The very next day, however, a strong, young horse was seen near the man's farm. Because the man had no ox to rely on, he had the idea to catch the horse to replace the ox - and he did. How joyful the farmer was. Plowing the field had never been easier. He went back to the wise man to apologize. "You were right, wise man. Losing my ox wasn't the worst thing that could have happened. It was a blessing in disguise! I never would have captured my new horse had that not happened." The wise man replied once again, "Maybe so, maybe not." Not again, thought the farmer. Surely the wise man had gone mad now.

But, once again, the farmer did not know what was to happen. A few days later the farmer's son was riding the horse and was thrown off. He broke his leg and would not be able to help with the crop. Oh no, thought the man. Now we will starve to death. Once again, the farmer went to the wise man. This time he said, "How did you know that capturing my horse was not a good thing? You were right again. My son is injured and won't be able to help with the crop. This time I'm sure that this is the worst thing that could have possibly happened. You must agree this time." But, just as he had done before, the wise man calmly looked at the farmer and in a compassionate tone replied once again, "Maybe so, maybe not." Enraged that the wise man could be so ignorant, the farmer stormed back to the village.
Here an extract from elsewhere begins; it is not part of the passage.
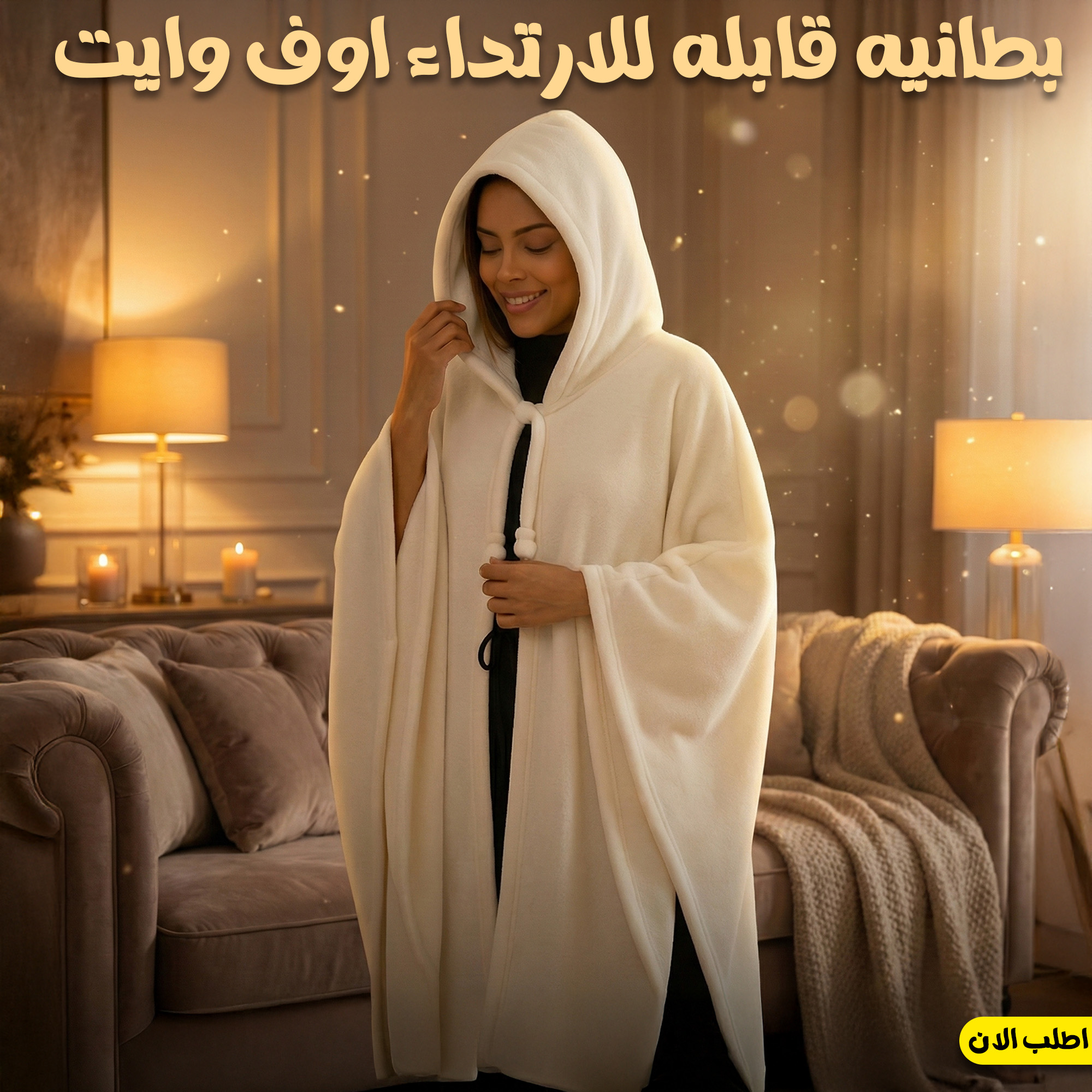 بطانية قابلة للارتداء باللون الاوف وايت مصنوعة من خامة مخملية ناعمة جدًا بتحتفظ بالحرارة وتدي إحساس دفء رهيب. تصميمها واسع ومريح وبييجي مع هودي وحبال ربط عشان تقدري تثبتيها وما تتحركش. مناسبة للوقت اللي قدام التلفزيون، الشغل على اللاب، أو حتى النوم الخفيف.

The next day troops arrived to take every able-bodied man to the war that had just broken out. The farmer's son was the only young man in the village who didn't have to go. He would live, while the others would surely die.

The moral of this story provides a powerful lesson. The truth is, we don't know what's going to happen-we just think we do. Often we make a big deal out of something. We blow up scenarios in our minds about all the terrible things that are going to happen. Most of the time we are wrong. If we keep our cool and stay open to possibilities, we can be reasonably certain that, eventually, all will be well. Remember: maybe so, maybe not."